> _RECORDS SHOWN_
────────────────────────────────────────

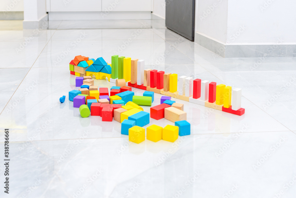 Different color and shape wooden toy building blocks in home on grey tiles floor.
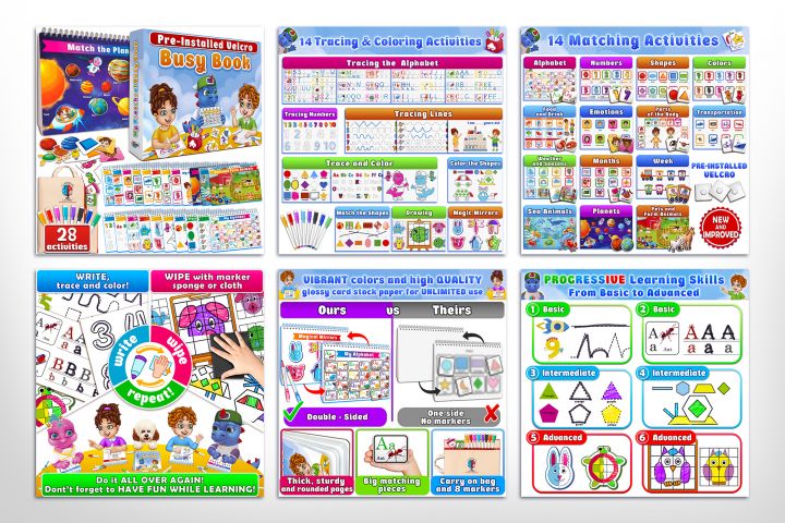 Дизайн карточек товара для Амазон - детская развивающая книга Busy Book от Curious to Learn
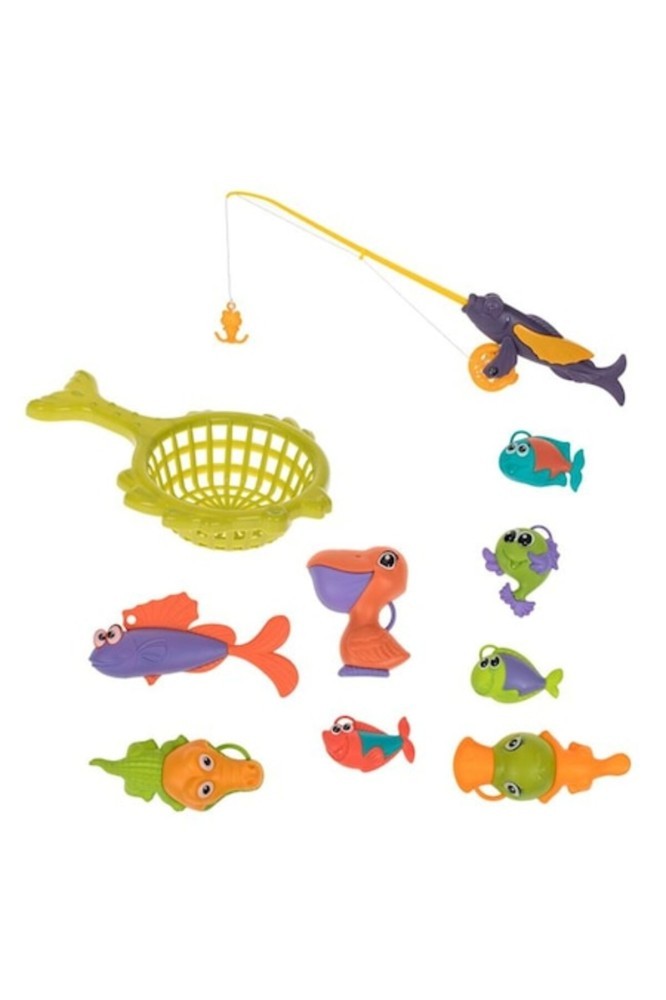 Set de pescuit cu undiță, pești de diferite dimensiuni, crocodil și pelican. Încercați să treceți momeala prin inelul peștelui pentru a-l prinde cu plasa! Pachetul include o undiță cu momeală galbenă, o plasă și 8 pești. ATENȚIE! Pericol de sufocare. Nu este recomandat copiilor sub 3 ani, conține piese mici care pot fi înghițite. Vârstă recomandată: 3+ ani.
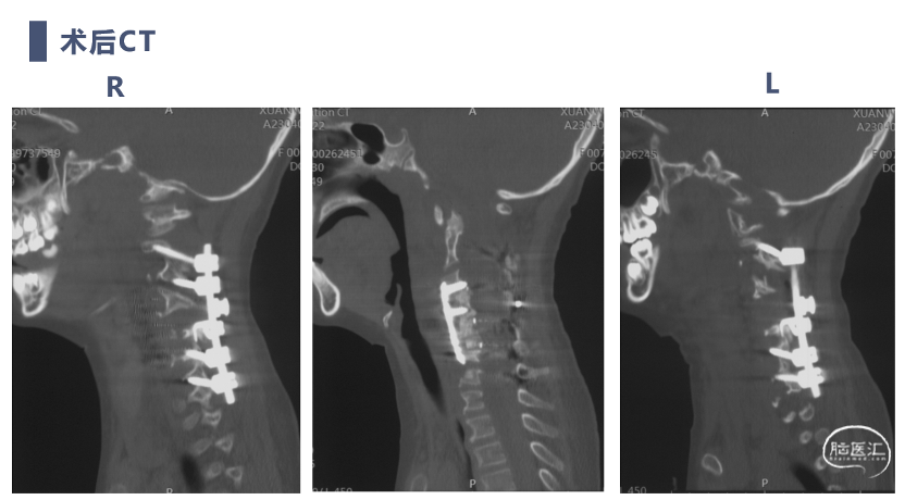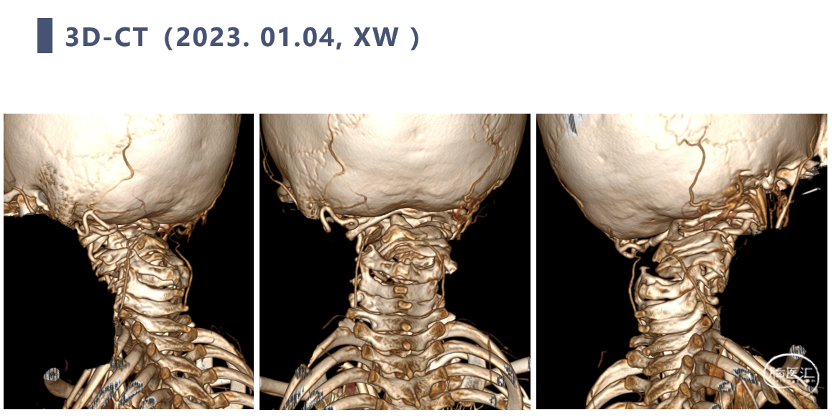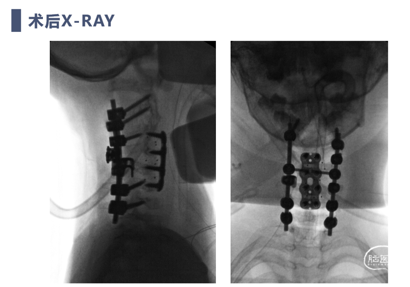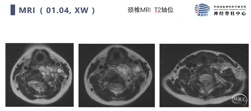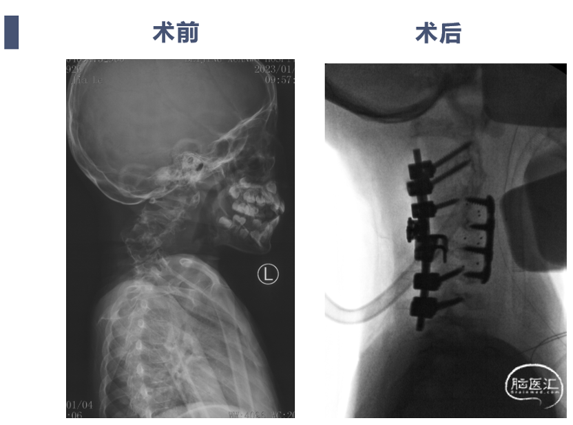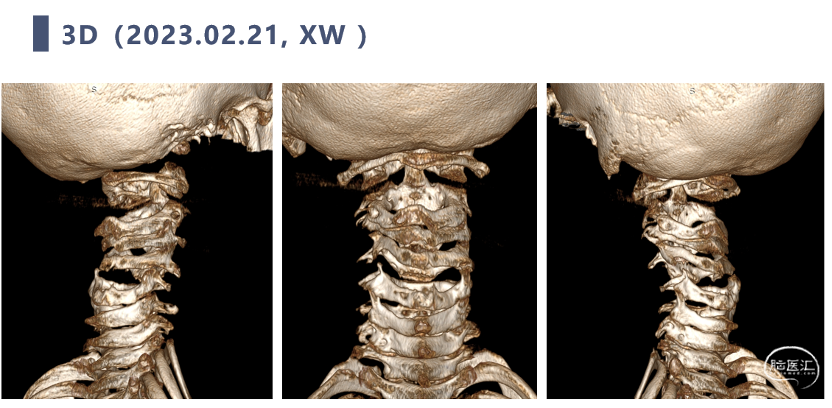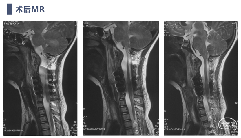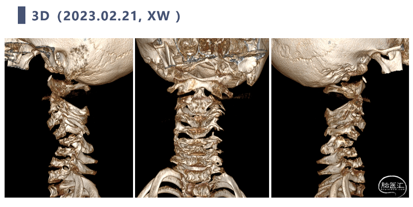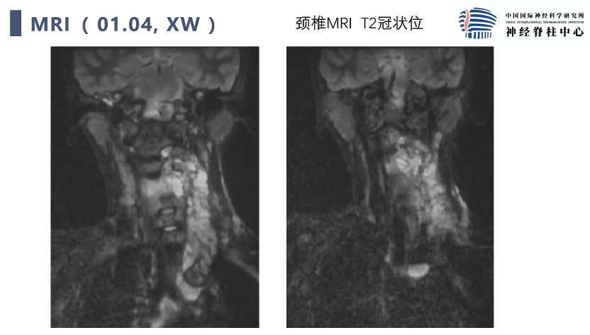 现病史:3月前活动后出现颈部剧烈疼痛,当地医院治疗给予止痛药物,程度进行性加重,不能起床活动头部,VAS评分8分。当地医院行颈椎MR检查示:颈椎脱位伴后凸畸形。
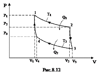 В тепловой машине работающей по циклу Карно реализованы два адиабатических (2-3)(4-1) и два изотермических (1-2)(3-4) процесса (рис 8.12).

────────────────────────────────────────

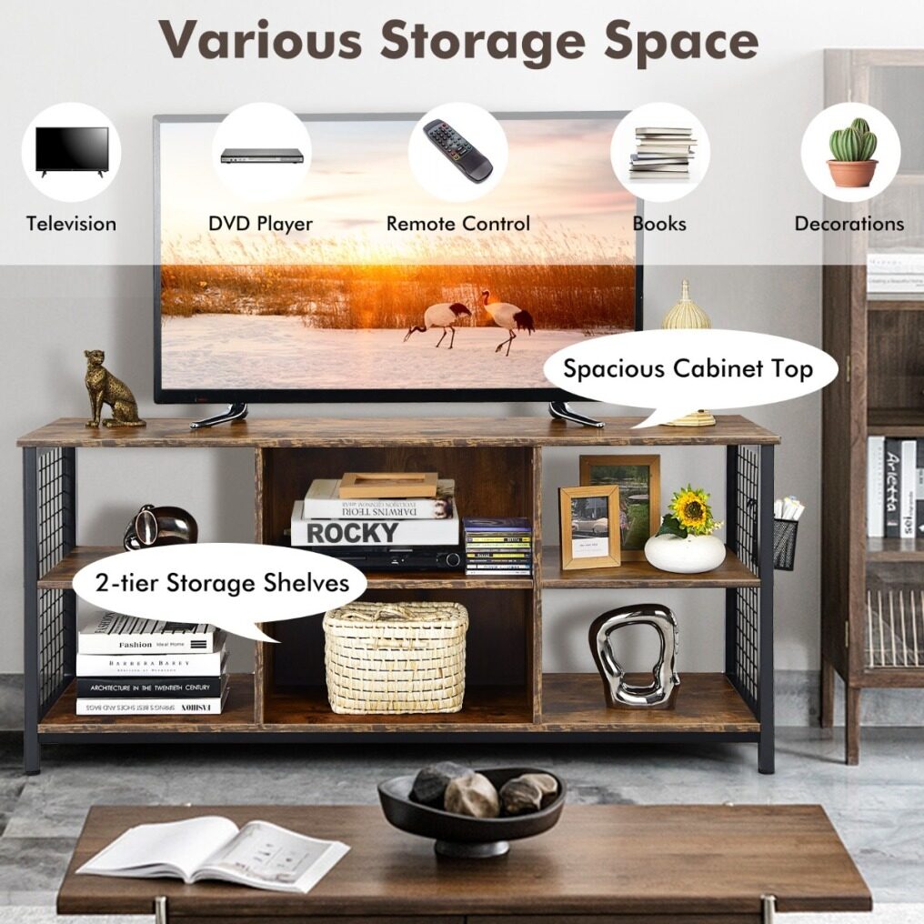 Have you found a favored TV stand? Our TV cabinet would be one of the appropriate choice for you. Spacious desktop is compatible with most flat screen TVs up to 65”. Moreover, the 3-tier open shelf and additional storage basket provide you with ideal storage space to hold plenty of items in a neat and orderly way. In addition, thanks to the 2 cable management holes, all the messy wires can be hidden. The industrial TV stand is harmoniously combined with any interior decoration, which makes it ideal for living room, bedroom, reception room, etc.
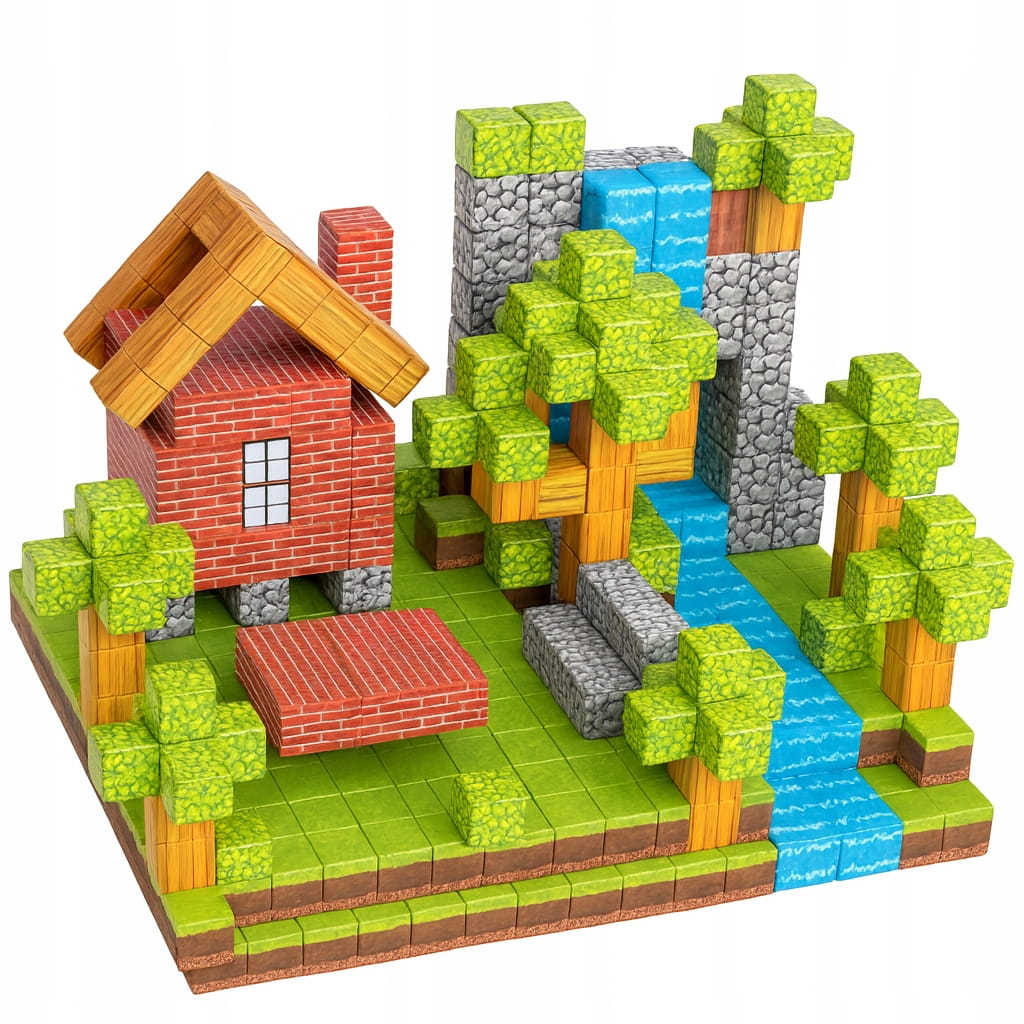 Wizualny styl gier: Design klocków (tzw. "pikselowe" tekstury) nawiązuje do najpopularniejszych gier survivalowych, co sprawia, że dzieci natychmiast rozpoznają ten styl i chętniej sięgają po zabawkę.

────────────────────────────────────────

Among the records above, locate the line containing "Different color and" and the line containing "В тепловой машине", then transcribe exactly the lines starting at the first and ending at the second, with no pictures.

> _TASK ANSWER_
 Different color and shape wooden toy building blocks in home on grey tiles floor.
 Дизайн карточек товара для Амазон - детская развивающая книга Busy Book от Curious to Learn
 Set de pescuit cu undiță, pești de diferite dimensiuni, crocodil și pelican. Încercați să treceți momeala prin inelul peștelui pentru a-l prinde cu plasa! Pachetul include o undiță cu momeală galbenă, o plasă și 8 pești. ATENȚIE! Pericol de sufocare. Nu este recomandat copiilor sub 3 ani, conține piese mici care pot fi înghițite. Vârstă recomandată: 3+ ani.
 现病史:3月前活动后出现颈部剧烈疼痛,当地医院治疗给予止痛药物,程度进行性加重,不能起床活动头部,VAS评分8分。当地医院行颈椎MR检查示:颈椎脱位伴后凸畸形。
 В тепловой машине работающей по циклу Карно реализованы два адиабатических (2-3)(4-1) и два изотермических (1-2)(3-4) процесса (рис 8.12).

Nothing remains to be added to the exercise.